══ Data records ══

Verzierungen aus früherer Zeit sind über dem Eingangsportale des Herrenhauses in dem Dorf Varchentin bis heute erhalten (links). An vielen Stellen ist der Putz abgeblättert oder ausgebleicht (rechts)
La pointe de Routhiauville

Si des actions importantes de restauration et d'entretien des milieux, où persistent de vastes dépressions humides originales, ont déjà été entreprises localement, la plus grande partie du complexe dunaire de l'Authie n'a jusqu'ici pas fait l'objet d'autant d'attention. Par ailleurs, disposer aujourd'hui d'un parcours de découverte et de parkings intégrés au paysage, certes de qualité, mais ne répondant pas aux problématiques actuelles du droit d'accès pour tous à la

═══
══ Data records ══

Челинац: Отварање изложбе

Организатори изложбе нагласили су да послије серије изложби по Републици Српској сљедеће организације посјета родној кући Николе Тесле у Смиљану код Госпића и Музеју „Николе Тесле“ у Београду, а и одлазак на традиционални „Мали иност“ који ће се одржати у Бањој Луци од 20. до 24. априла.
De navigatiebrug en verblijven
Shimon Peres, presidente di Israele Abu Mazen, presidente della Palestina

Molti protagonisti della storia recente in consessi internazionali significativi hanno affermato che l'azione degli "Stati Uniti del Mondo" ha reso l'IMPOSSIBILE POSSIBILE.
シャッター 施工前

═══

> Action item
Show every line in the entries where the string "изложбе" occurs.

> Answer to this problem
Челинац: Отварање изложбе
Организатори изложбе нагласили су да послије серије изложби по Републици Српској сљедеће организације посјета родној кући Николе Тесле у Смиљану код Госпића и Музеју „Николе Тесле“ у Београду, а и одлазак на традиционални „Мали иност“ који ће се одржати у Бањој Луци од 20. до 24. априла.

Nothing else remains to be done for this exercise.